The k pmm mem_avail_state
command is a useful tool to test memory pressure response of the system as a whole. Since it works by allocating actual physical memory, it exercises all the reclamation mechanisms the system has at its disposal, both within the kernel and in userspace.
These are additional k pmm oom
commands used to test system response specifically at the OOM level.
pmm oom [<rate>] : leak memory until oom is triggered, optionally specify the rate at which to leak (in MB per second) pmm oom hard : leak memory aggressively and keep on leaking pmm oom signal : trigger oom signal without leaking memory
Sample output with k pmm oom
:
k pmm oom Disabling VM scanner memory-pressure: free memory is 49MB, evicting pages to prevent OOM... pq: MRU generation is 13 set 7.979442243s ago due to "Active ratio", LRU generation is 7 pq: Pager buckets [4538],[4517],3624,4606,13716,4976,{0},0, evict first: 1347, live active/inactive totals: 9055/28269 memory-pressure: found no pages to evict memory-pressure: free memory after OOM eviction is 49MB … memory-pressure: pausing for 8s after OOM mem signal [00028.317] 02811:03481> [fshost] INFO: [admin-server.cc(33)] received shutdown command over admin interface [00028.317] 02811:03481> [fshost] INFO: [fs-manager.cc(281)] filesystem shutdown initiated [00028.317] 02811:38032> [fshost] INFO: [fs-manager.cc(310)] Shutting down /data [00028.318] 12900:12902> [minfs] INFO: [minfs.cc(1471)] Shutting down [00028.340] 12900:12902> [minfs] WARNING: [src/storage/minfs/bin/main.cc(53)] Unmounted [00028.341] 02811:03481> [fshost] INFO: [admin-server.cc(39)] shutdown complete [00028.342] 02811:02813> [fshost] INFO: [main.cc(309)] terminating [00028.342] 02687:02689> [driver_manager.cm] INFO: [suspend_handler.cc(205)] Successfully waited for VFS exit completion memory-pressure: rebooting due to OOM memory-pressure: stowing crashlog ZIRCON REBOOT REASON (OOM) Shutting down debuglog platform_halt suggested_action 1 reason 3 Rebooting...
Use the ffx profile memory signal
command to simulate memory pressure signals in userspace without creating actual memory pressure. This is useful when the goal is to test the response of a particular userspace process to memory pressure signals without altering the memory state of the system.
Signals userspace clients with specified memory pressure level.
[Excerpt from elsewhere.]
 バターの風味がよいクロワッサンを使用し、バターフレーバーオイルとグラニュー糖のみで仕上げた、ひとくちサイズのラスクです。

Clients can use this command to test their response to memory pressure. Does not affect the real memory pressure level on the system, or trigger any kernel reclamation tasks. Positional Arguments: level memory pressure level. Can be CRITICAL, WARNING or NORMAL.
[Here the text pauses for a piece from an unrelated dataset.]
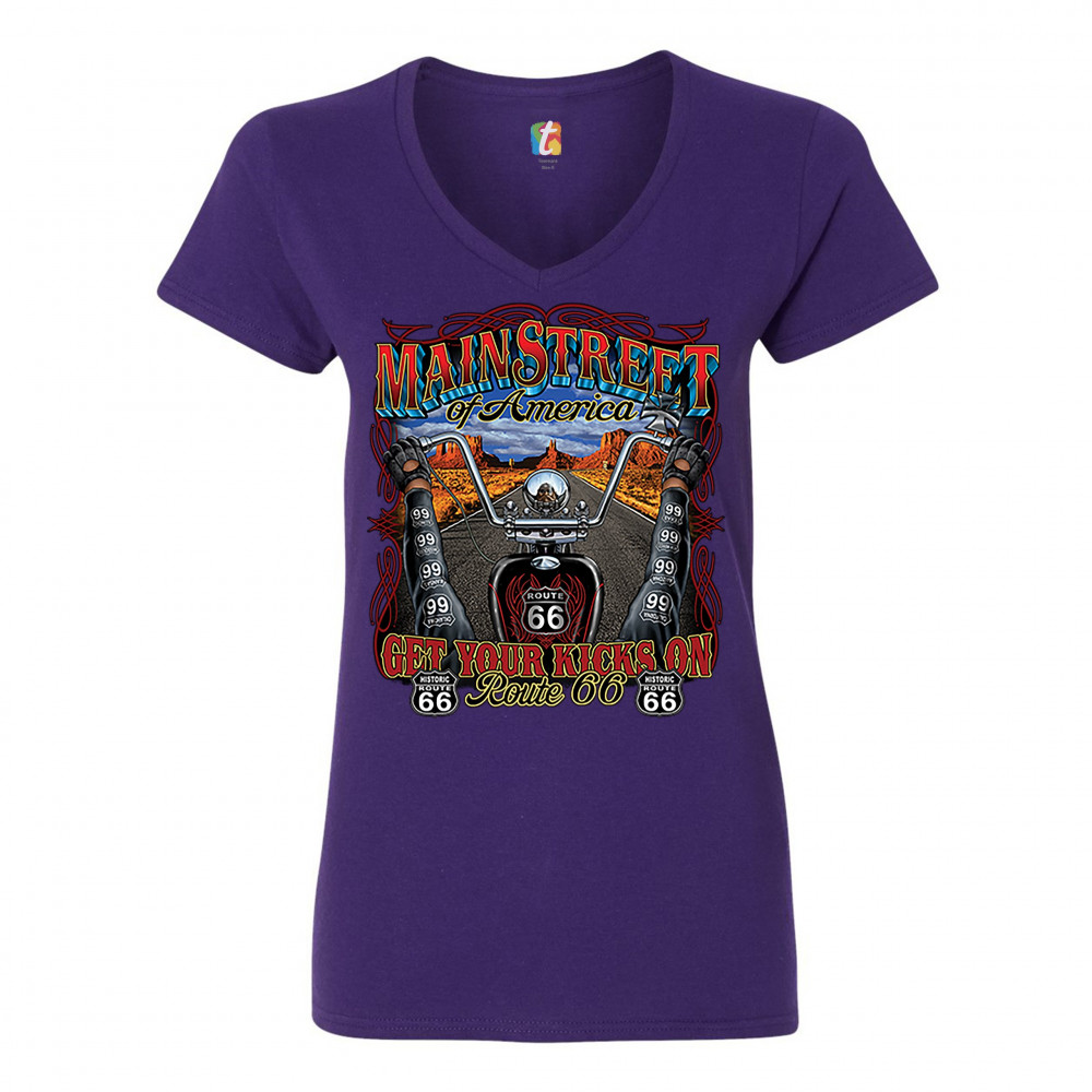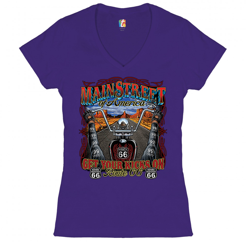 A print featuring a POV of a biker riding a chopper on a Route 66. There are are numerous "Route 66" and "Historic Route 66" signs all over the print and the print says: "Main street of America" and "Gwt your kicks on Route 66". A great choice for a motor

For example, with ffx profile memory signal WARNING
, the following shows in the ffx log
output:
[00213.059579][26701][26703][memory_monitor] INFO: [pressure_notifier.cc:106] Simulating memory pressure level WARNING
Note that this command does not actually allocate any memory. It simply simulates a one-time memory pressure signal for the requested level in userspace, without affecting the kernel's memory availability state. As such, it will not trigger any kernel memory reclamation, like eviction of pager-backed memory.